• _WORK REQUIRED_: Reproduce all entries below verbatim. Skip the pictures.
╭─ GIVEN ENTRIES
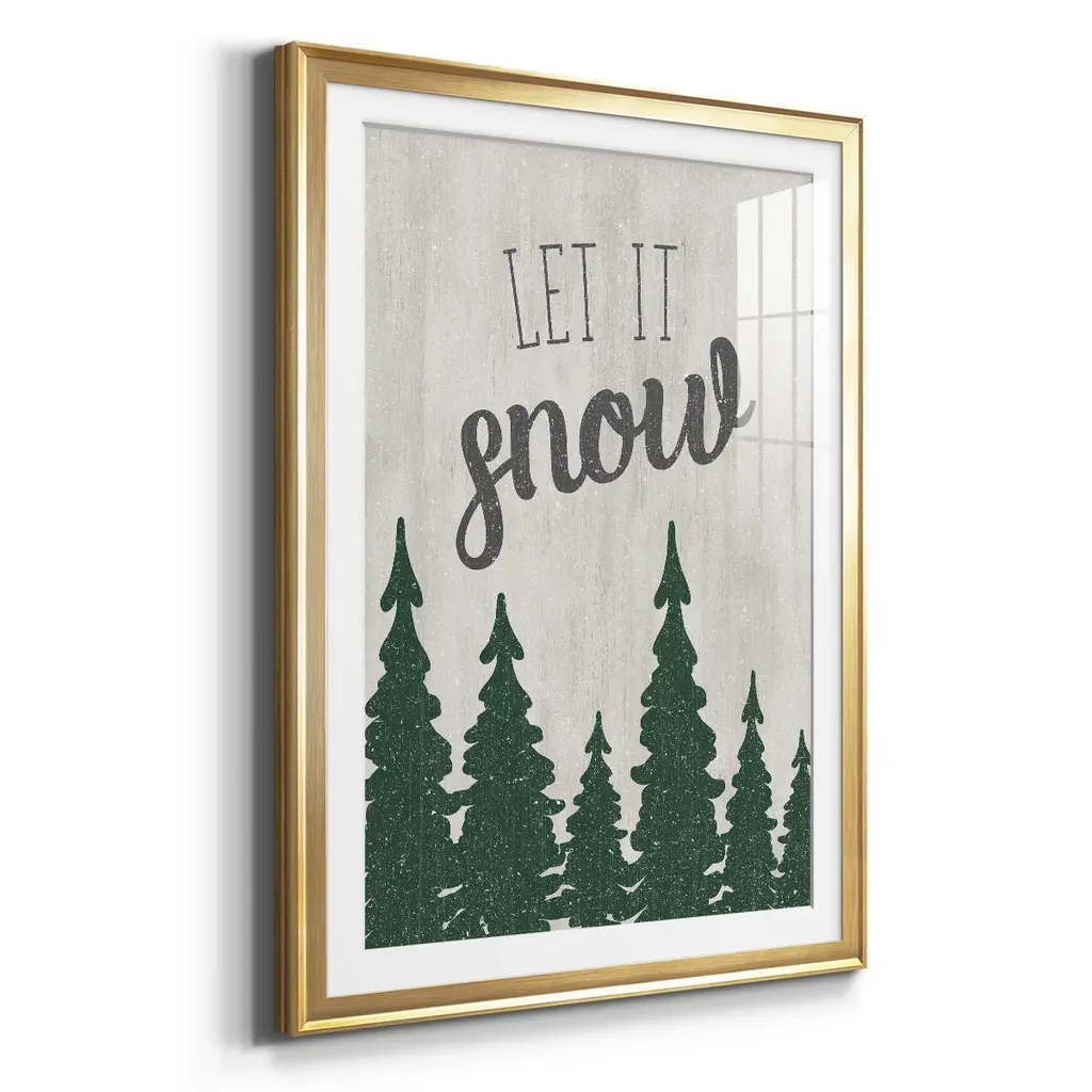 Let It Snow Forest Premium Framed Print - Ready to Hang A Premium Framed Print created to last. Framed in distressed wood and available in an array of sizes and colors Featuring a beveled a solid wood stretcher bar, each piece comes ready to hand 4 SIZES AVAILABLE 30.5''X42.5'' - Overall Size 26.5'X36.5'' - Overall Size 22.5''x30.5'' - Overall Size 18.5''x24.5'' - Overall Size Each piece is made to order. Each piece comes with hanging hardware. Made in the USA Ready to Hang Giclee Paper Print Acrylic Glass Beveled Matt Board
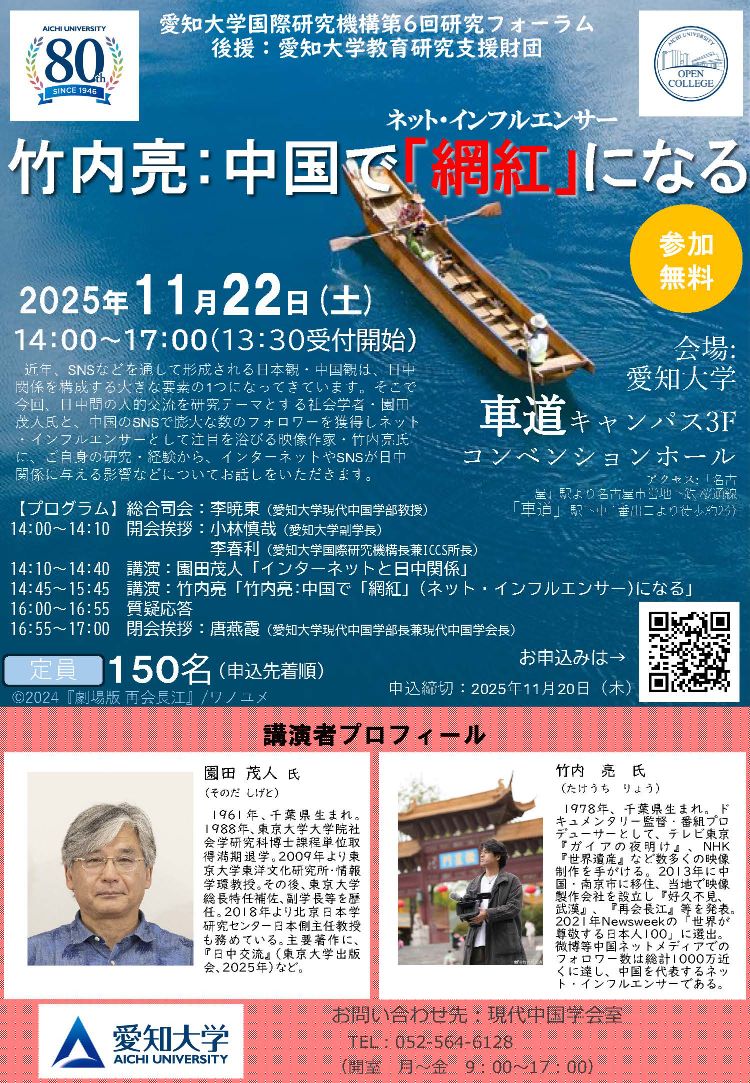 愛知大学国際研究機構《第6回研究フォーラム》のお知らせ
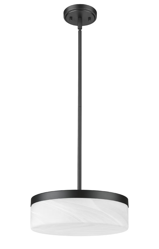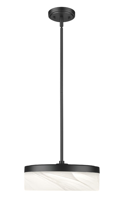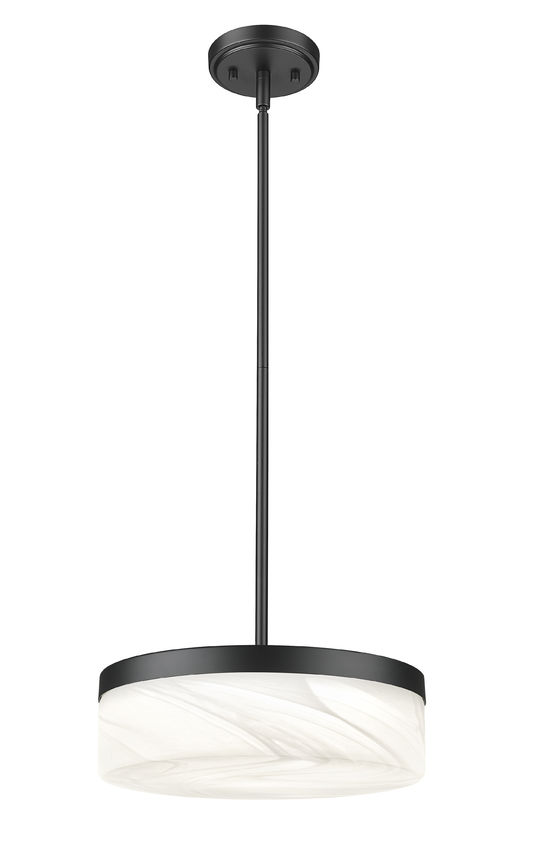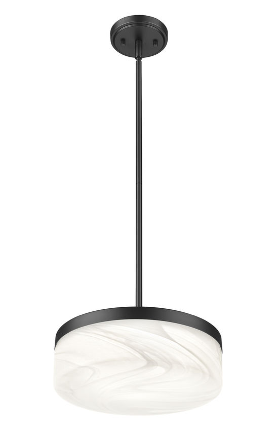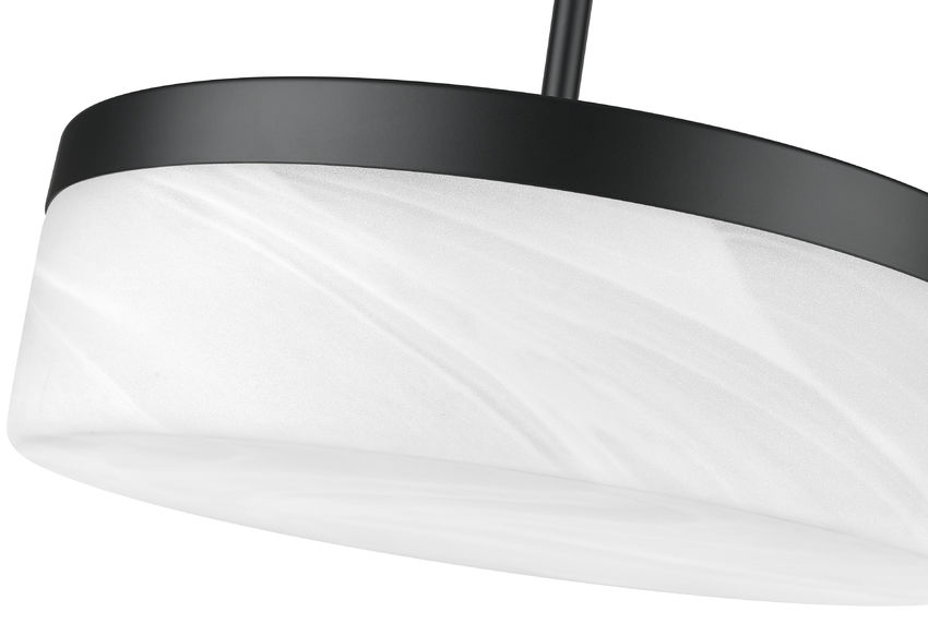 Suspended on a slender stem above a table or island, this matte black LED glass pendant light frames a clouded white shade that keeps the silhouette airy while still grounded. Glow from within turns the glass into a soft lantern that brings warmth to dinner, brightens cookbook pages, or gently defines a conversation zone in the living room. Hang a single pendant for a focused accent or line several across a counter, and the feathered glass keeps the entire arrangement calm, cohesive, and beautifully balanced.
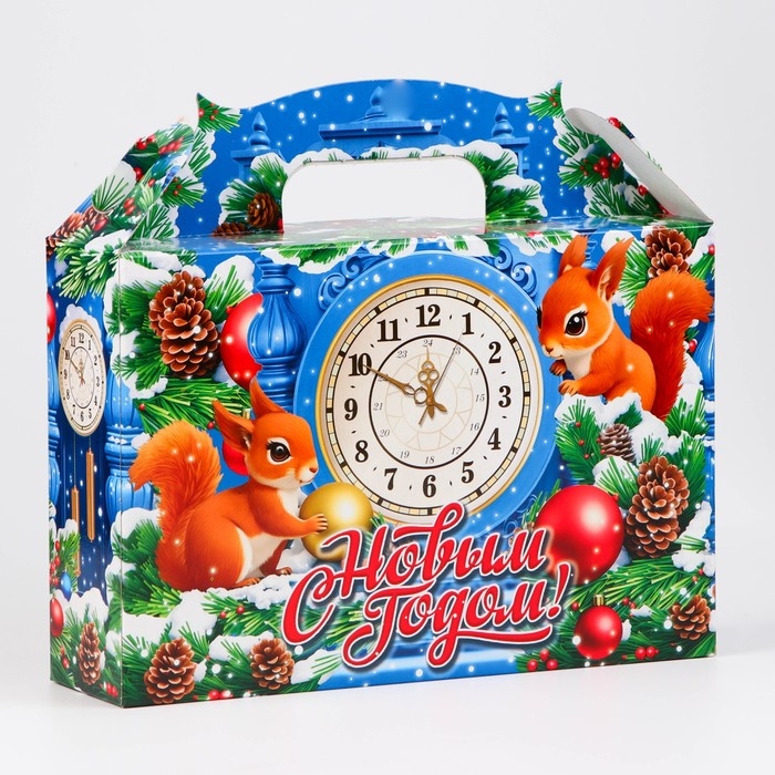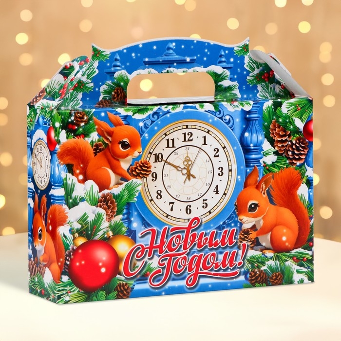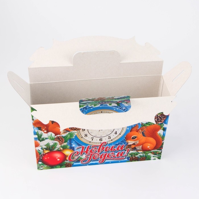Новый год. Коробка подарочная новогодняя Ларец Белочки 26 х 23 х 7 см.
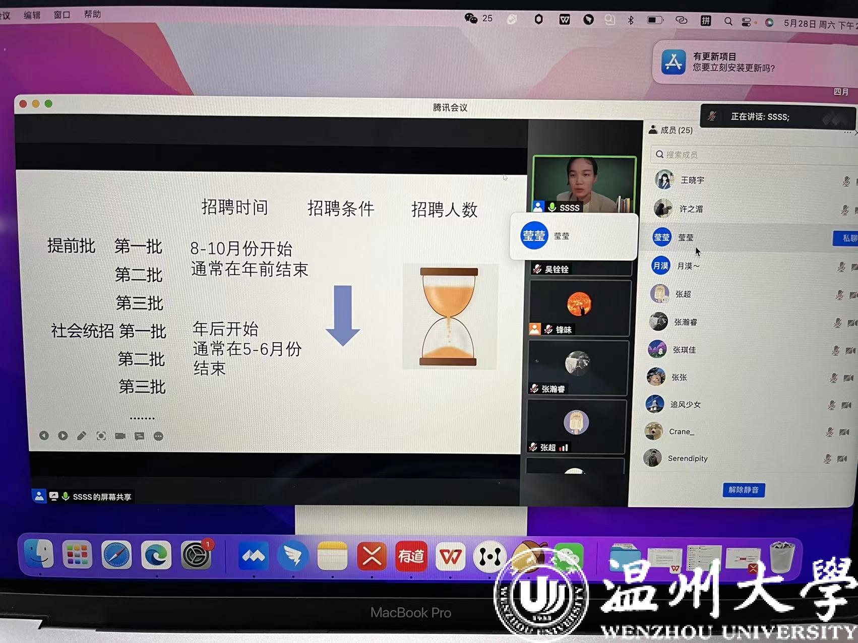 吴老师介绍“朋辈引领计划”的建设初衷及未来规划,他希望该项目能成为汉语国际教育专业员工了解本专业求职方向、职业发展及专业学习经验的有效途径。他希望全体员工能珍惜每一次向优秀前辈学习的机会,并以此确立自己的职业生涯规划。
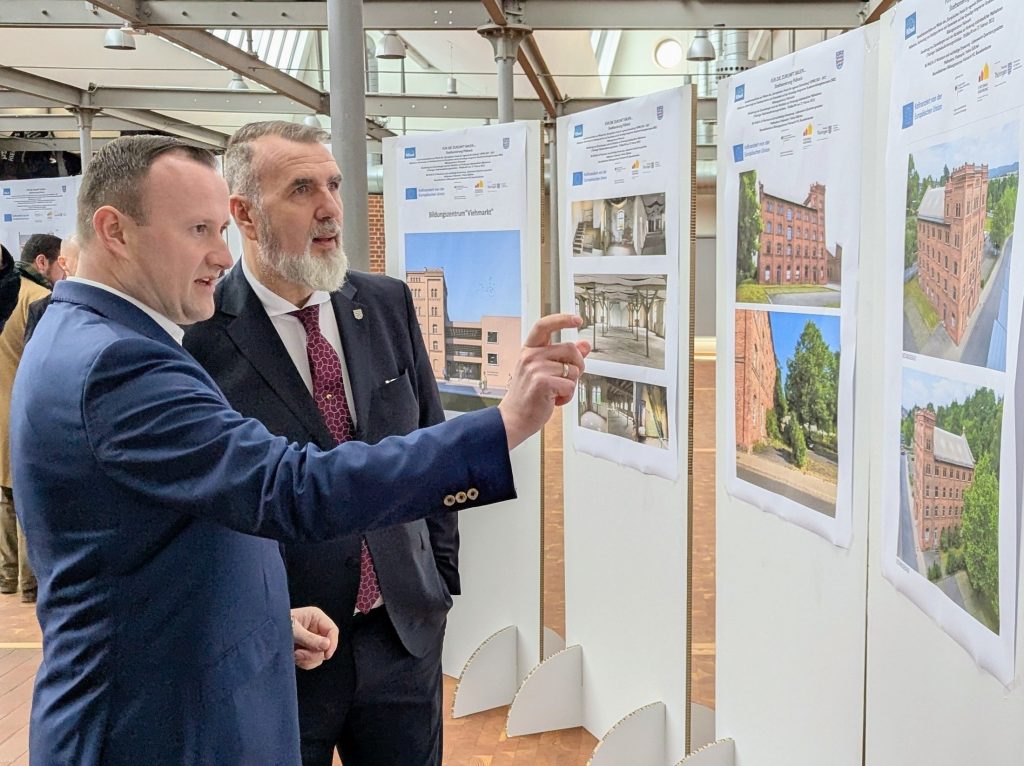Landrat Christian Herrgott schloss sich den Worten des Ministers an und erinnerte daran, dass Denkmalschutz nicht die Aufgabe habe, leere Hüllen zu bewahren, sondern historische Bausubstanz mit neuem Leben zu erfüllen. „Das ist uns hier beim neuen Bildungszentrum in Pößneck sehr gut gelungen. Für den Landkreis ist es wichtig, dass wir uns gemeinsam gut für die Zukunft aufstellen, Projekte nach vorn entwickeln und Unstimmigkeiten aus der Vergangenheit endgültig aus dem Weg räumen“, betonte er bei der Vorstellung der Pläne für das M2-Gebäude.
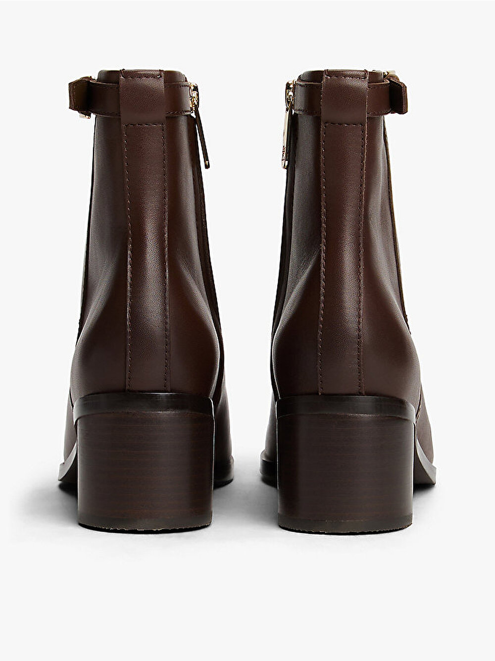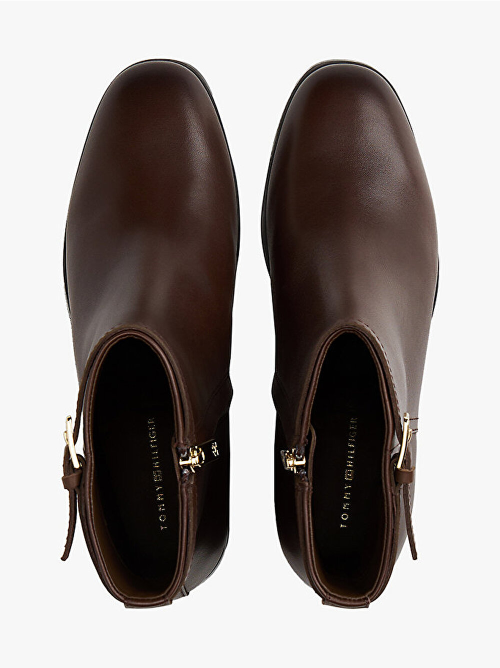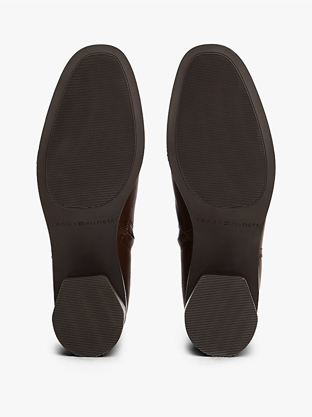 Binici tarzındaki bu bilek üstü bot, TH monogram detaylı parlak tokası ve destekleyici blok topuğuyla öne çıkıyor.
╰─
• _RESULT OF THE EXERCISE_:
 Let It Snow Forest Premium Framed Print - Ready to Hang A Premium Framed Print created to last. Framed in distressed wood and available in an array of sizes and colors Featuring a beveled a solid wood stretcher bar, each piece comes ready to hand 4 SIZES AVAILABLE 30.5''X42.5'' - Overall Size 26.5'X36.5'' - Overall Size 22.5''x30.5'' - Overall Size 18.5''x24.5'' - Overall Size Each piece is made to order. Each piece comes with hanging hardware. Made in the USA Ready to Hang Giclee Paper Print Acrylic Glass Beveled Matt Board
 愛知大学国際研究機構《第6回研究フォーラム》のお知らせ
 Suspended on a slender stem above a table or island, this matte black LED glass pendant light frames a clouded white shade that keeps the silhouette airy while still grounded. Glow from within turns the glass into a soft lantern that brings warmth to dinner, brightens cookbook pages, or gently defines a conversation zone in the living room. Hang a single pendant for a focused accent or line several across a counter, and the feathered glass keeps the entire arrangement calm, cohesive, and beautifully balanced.
Новый год. Коробка подарочная новогодняя Ларец Белочки 26 х 23 х 7 см.
 吴老师介绍“朋辈引领计划”的建设初衷及未来规划,他希望该项目能成为汉语国际教育专业员工了解本专业求职方向、职业发展及专业学习经验的有效途径。他希望全体员工能珍惜每一次向优秀前辈学习的机会,并以此确立自己的职业生涯规划。
Landrat Christian Herrgott schloss sich den Worten des Ministers an und erinnerte daran, dass Denkmalschutz nicht die Aufgabe habe, leere Hüllen zu bewahren, sondern historische Bausubstanz mit neuem Leben zu erfüllen. „Das ist uns hier beim neuen Bildungszentrum in Pößneck sehr gut gelungen. Für den Landkreis ist es wichtig, dass wir uns gemeinsam gut für die Zukunft aufstellen, Projekte nach vorn entwickeln und Unstimmigkeiten aus der Vergangenheit endgültig aus dem Weg räumen“, betonte er bei der Vorstellung der Pläne für das M2-Gebäude.
 Binici tarzındaki bu bilek üstü bot, TH monogram detaylı parlak tokası ve destekleyici blok topuğuyla öne çıkıyor.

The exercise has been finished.